The Hungarian government continues to focus on keeping business open. In this current environment, where we have kept our offices open as well, we provided our employees with the flexibility to work from home or work from the office at their discretion. We did a couple of surveys among almost our entire organization, to ask what they liked about working from home, what some of the benefits are, what are some of the silver linings, but also what they missed. That was really insightful in recognizing that there are significant benefits in terms of productivity, in terms of reducing your commute and so on.

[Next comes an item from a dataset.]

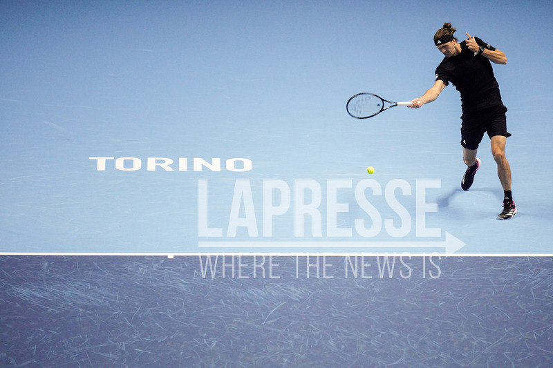 Germany's Alexander Zverev returns the ball to Italy's Jannik Sinnerduring the singles tennis match of the ATP World Tour Finals at the Inalpi Arena in Turin, Italy - Wednesday, Nov. 12, 2025. Sport - (Photo by Marco Alpozzi/Lapresse)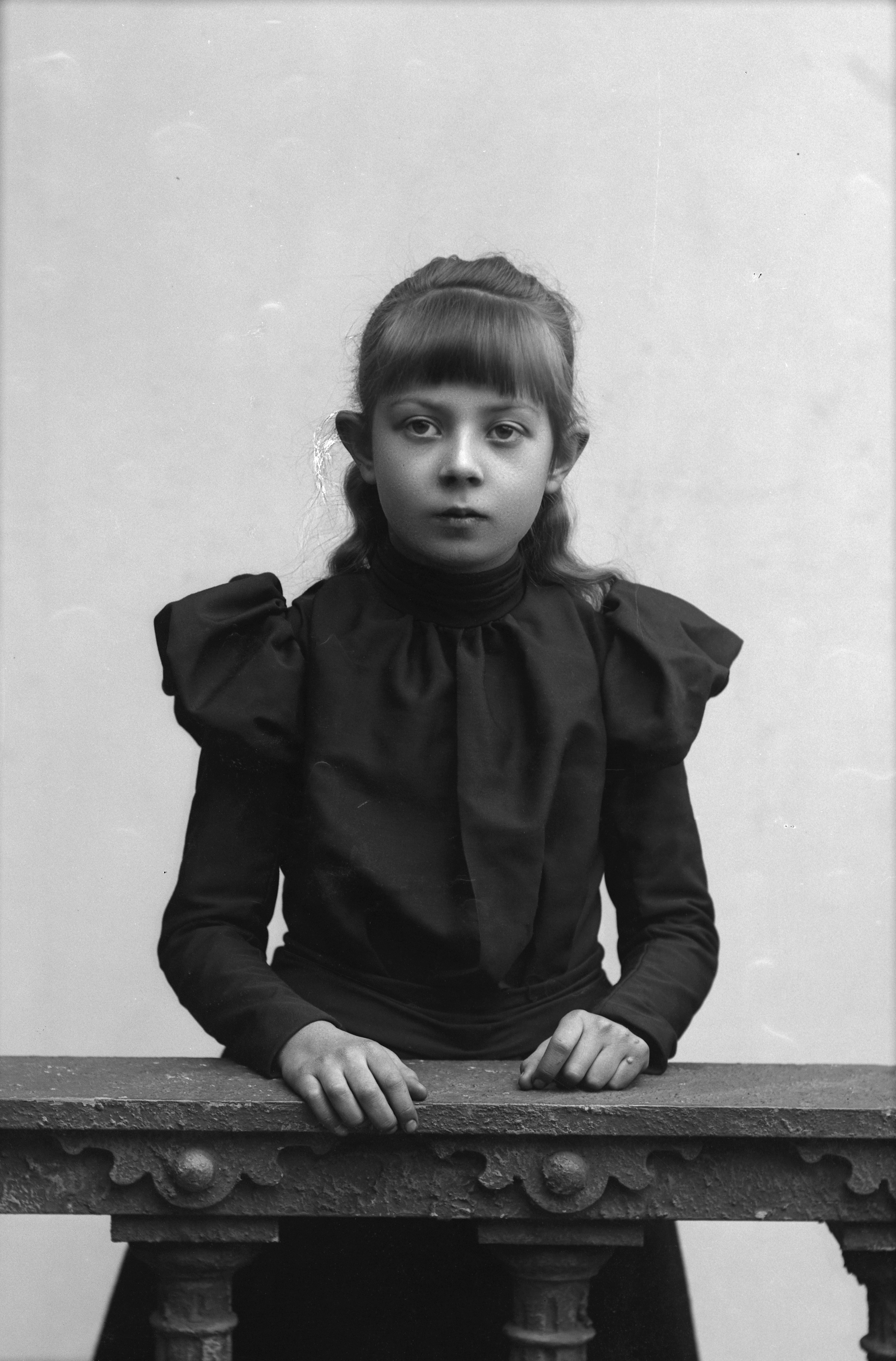 Porträtt i halvfigur av Mia Lindell, stående bakom stenstaket med balustrad.

Yet there are also challenges: for example, isolation and managing a work-life balance when you’re working from home all the time. Our younger workforce in particular doesn’t necessarily have a home structure with a dedicated office that they can work from and so the ability for them to effectively work from home is sometimes very challenging as well. So, continuing to provide the office environment as a way for them to connect with their colleagues, to connect with their friends, to collaborate across the teams and to provide structure during an uncertain, challenging time has been very beneficial.

The discussions that we’re now having, like probably every company in the world, is how do we get the best of both worlds—how do we get through this COVID period with a work structure that is balancing the benefits of working from home but not losing the benefits of having that connection or sense of belonging in a work environment. I think that’s really important. There’s more to learn, but we’re pretty fortunate. We’re in the middle of designing a new office building and we have the ability to immediately respond to some of the learning that we’re doing now, to actually incorporate that into the design of our new building.

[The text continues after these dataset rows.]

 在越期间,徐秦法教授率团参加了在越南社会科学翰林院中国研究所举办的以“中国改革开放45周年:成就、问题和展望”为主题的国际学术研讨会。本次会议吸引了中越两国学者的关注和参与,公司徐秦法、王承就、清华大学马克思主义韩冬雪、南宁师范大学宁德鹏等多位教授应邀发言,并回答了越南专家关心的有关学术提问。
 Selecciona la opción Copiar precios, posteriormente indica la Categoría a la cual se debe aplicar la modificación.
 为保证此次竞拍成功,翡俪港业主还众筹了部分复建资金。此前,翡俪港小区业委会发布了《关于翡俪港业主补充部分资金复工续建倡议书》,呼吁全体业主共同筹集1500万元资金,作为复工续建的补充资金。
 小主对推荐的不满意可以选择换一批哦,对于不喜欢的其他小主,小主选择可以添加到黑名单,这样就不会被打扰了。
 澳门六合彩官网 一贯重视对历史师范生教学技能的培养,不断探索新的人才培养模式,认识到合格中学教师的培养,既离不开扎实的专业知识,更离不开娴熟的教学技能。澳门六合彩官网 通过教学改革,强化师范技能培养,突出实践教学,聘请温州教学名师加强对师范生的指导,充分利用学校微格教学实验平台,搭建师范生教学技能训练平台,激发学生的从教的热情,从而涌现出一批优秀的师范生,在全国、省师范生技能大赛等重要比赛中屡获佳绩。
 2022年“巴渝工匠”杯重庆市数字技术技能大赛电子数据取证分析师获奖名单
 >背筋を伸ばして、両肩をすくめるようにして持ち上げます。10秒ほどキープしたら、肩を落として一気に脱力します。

In terms of the work, I think one of the things that we’re learning and that we can possibly leverage is the fact that we have proved through the use of technology that we are making now that you can effectively work from different countries and still provide the same or a better level of services. That’s a huge opportunity for a shared service center that provides services across geographical boundaries and across country boundaries. We’ve proved that marketing and sales support—that historically were always assumed to have to be done from a certain country—can be done from a shared service center as well with the use of technology and by taking a very innovative approach to interacting and collaborating. I think it provides us with more opportunities to sort of expand our service offering, and then capture the benefits of having that skill and having that broad group of expertise by using some of the virtualization of work.


As an expatriate in Hungary, how do you see the country and do you have any insights for others who may chose to move here?  

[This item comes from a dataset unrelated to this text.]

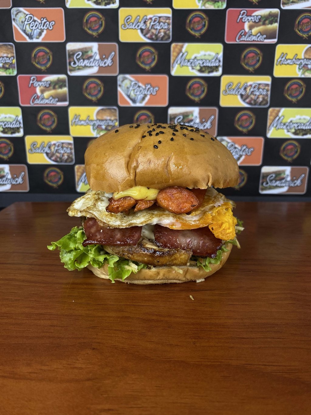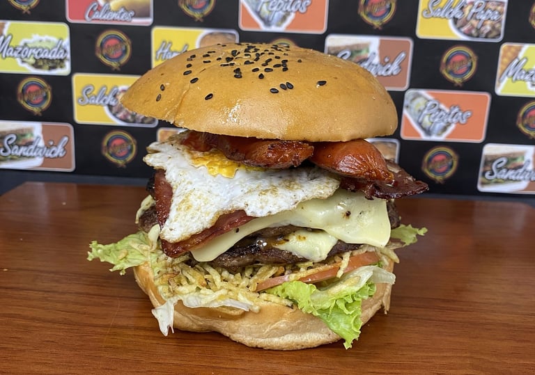 Pan de pepito, 1 Carne artesanal de hamburguesa de 130 gr + 130 gr de proteína entre (Res, Pollo y Cerdo), Lechuga, Tomate, Cebolla grillé, Queso cheddar y Queso doble crema, Jamón ahumado, Tocineta, Omelet de huevo con queso, Papas a la francesa, Salsas tradicionales y de la Casa.

I always see myself as a European, with a Dutch passport. I haven’t lived in the Netherlands for 18 years but I was born and raised there, did part of my schooling there and part of it in Norway. I then worked and lived in Belgium for eight years. So, I feel European. I spent a lot of time in Hungary on business trips before moving here during the times when we were setting up the center. After living in the U.S. for 10 years, it actually feels good to be somewhat home again, and to be able to walk around in a city and to have history all over, which is a little different to life in Texas. On the other hand, the Hungarian language is really difficult. I’m trying to learn some of the basics as I think, on a personal level, it shows a certain level of respect to be able to know at least a few words. But it’s really difficult!


Do you have a final message for our Newsweek audience?

Hungary has a tremendous pool of talent, which provides a very strong business case to justify a strong presence here. As ExxonMobil, we have proven to be successful with our global business center here and we’re looking to continue to invest in the talent in our organization. The biggest challenges coming our way will be around digital transformation, about our ability to take our global business center to the next level to become that intelligent management services hand for a corporation and that powerhouse of analytics and digital insights that adds value to a corporation. That’s going to be the biggest challenge coming to the sector.